Students love this exercise. Many respond to the idea that our media are sanitizing our information for us. They enjoy a rebellious, typical teenage reaction to being told what to think. Others pick up on the emotional manipulation inherent in printing pictures of extreme suffering—or in choosing not to print them. We love to facilitate these discussions, helping students think about how—and who—is processing their information for them. And perhaps even more importantly, to foster a love for what we call the ‘mind-boggler,’ or questions that do not have one simple answer—where wrestling with every side of the issue is what is most important.
In another exercise, we show students a chart mapping the crossover in membership on the boards of directors of major corporations with those of news outlets. At first, our chart is typically met with the familiar mild annoyance that any teacher might expect when asking high school students to read a graph. But as the discussion develops, students quickly grasp the concept of conflict of interest, and suddenly start to make intellectual leaps to many different issues in their lives.

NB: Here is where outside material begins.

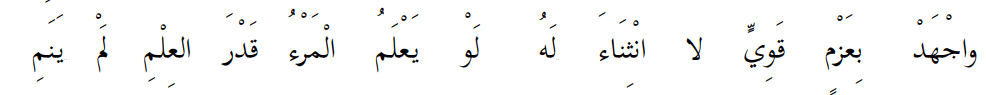 Dan bersungguh-sungguhlah kamu dengan azam yang kuat, tidak lemah dengannya. Andaikata seseorang mengenai kadar ilmu, dia tidak akan tidur.

Students consistently tell us that realizing this information empowers them to understand their role in the information landscape and to consider the motivation of other players. A student we visited in 2007 offered a succinct answer to one of our evaluation questions—“What information presented was the most useful to you?”—simply: “Mainstream media chooses what becomes news.”
News and Media Literacy
In January 2011, the Common Language Project plans to launch a Digital Literacy Initiative in Seattle in partnership with public high school teachers and the University of Washington. Our program will bring journalists into classrooms around the city for a series of visits exploring news, media and digital literacy, local investigative journalism, and international reporting, with the goal of fostering an understanding of the news and how it gets produced. We see news and media literacy as two critical thinking tools—we know that students who receive this training will go on to become more engaged, empowered citizens.
In the summer time, these students will be invited to a summer camp that will offer the chance to try their own hands at investigative reporting and media production. They will learn the basics of research and reporting, visit newsrooms around the city, and produce multimedia stories on their own communities.
Next Steps
The Chief Sealth High School student who asked what a journalist was turned out to be one of the most engaged in the class. But her knowledge of the role of journalism in democracy, of how to distinguish between forms of media and of how to access reliable information about the world around her was sadly underdeveloped. She understood so much about how the world works—but not about how that information had reached her.
Something is missing from our public school curriculum when a high school senior does not know what a journalist does, or why it is important to think about where his or her information is coming from. We are pushing Seattle to become a key city in the national news and media literacy movement. We want that 18-year-old student to be the last high school senior who doesn’t know what a journalist is.
Jessica Partnow is a radio producer and cofounder of the Common Language Project, a new media nonprofit based at the University of Washington that reports in-depth stories for newspapers, public radio and television, and online outlets. She teaches an undergraduate course in Entrepreneurial Journalism as well as high school workshops on news and media literacy, and spends two days a week working at Reel Grrls, a filmmaking program for teenage girls.